>>>
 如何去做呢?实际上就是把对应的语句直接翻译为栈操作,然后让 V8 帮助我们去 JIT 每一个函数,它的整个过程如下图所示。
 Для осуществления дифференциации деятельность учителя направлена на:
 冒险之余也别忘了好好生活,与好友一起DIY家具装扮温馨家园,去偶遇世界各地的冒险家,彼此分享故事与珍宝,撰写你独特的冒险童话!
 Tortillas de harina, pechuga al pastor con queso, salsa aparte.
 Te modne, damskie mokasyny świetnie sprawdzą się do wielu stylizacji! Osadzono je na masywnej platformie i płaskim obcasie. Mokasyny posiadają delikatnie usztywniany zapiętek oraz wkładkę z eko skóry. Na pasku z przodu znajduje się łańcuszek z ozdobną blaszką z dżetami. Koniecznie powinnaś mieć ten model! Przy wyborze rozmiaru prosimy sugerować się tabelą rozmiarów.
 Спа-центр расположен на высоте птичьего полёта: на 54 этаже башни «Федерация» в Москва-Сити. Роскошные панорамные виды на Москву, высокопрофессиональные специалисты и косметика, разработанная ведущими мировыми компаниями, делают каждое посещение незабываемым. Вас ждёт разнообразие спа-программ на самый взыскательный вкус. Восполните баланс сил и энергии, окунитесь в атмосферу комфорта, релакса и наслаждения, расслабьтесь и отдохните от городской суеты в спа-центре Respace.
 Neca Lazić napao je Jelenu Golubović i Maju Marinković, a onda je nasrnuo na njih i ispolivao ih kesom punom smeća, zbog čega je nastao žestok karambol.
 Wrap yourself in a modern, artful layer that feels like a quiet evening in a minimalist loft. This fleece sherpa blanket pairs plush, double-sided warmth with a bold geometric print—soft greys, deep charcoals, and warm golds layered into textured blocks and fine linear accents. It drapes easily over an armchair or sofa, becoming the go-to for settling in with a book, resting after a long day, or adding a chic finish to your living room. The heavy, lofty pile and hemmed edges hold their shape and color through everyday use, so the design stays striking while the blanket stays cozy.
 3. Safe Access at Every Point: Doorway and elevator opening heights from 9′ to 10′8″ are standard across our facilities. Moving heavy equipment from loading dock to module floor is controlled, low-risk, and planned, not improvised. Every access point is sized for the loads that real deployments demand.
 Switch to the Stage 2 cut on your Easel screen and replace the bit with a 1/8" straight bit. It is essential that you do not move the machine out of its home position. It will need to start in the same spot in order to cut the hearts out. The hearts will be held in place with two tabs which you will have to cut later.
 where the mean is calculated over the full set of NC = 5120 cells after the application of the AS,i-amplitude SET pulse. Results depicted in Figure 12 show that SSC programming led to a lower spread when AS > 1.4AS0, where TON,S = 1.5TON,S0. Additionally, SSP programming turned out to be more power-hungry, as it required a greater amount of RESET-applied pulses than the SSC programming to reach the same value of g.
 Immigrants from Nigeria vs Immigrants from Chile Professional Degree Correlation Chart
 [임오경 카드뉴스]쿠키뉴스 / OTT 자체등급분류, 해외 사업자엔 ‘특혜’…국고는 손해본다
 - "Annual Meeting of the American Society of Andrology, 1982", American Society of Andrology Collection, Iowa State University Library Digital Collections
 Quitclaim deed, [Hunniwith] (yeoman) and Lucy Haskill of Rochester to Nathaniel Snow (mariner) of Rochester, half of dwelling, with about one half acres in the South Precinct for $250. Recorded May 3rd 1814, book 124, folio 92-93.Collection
<<<
INSTRUCTIONS TO FOLLOW: Pick out and copy the lines of the material that include the word "after".

REPLY TO THE EXERCISE:
 Wrap yourself in a modern, artful layer that feels like a quiet evening in a minimalist loft. This fleece sherpa blanket pairs plush, double-sided warmth with a bold geometric print—soft greys, deep charcoals, and warm golds layered into textured blocks and fine linear accents. It drapes easily over an armchair or sofa, becoming the go-to for settling in with a book, resting after a long day, or adding a chic finish to your living room. The heavy, lofty pile and hemmed edges hold their shape and color through everyday use, so the design stays striking while the blanket stays cozy.
 where the mean is calculated over the full set of NC = 5120 cells after the application of the AS,i-amplitude SET pulse. Results depicted in Figure 12 show that SSC programming led to a lower spread when AS > 1.4AS0, where TON,S = 1.5TON,S0. Additionally, SSP programming turned out to be more power-hungry, as it required a greater amount of RESET-applied pulses than the SSC programming to reach the same value of g.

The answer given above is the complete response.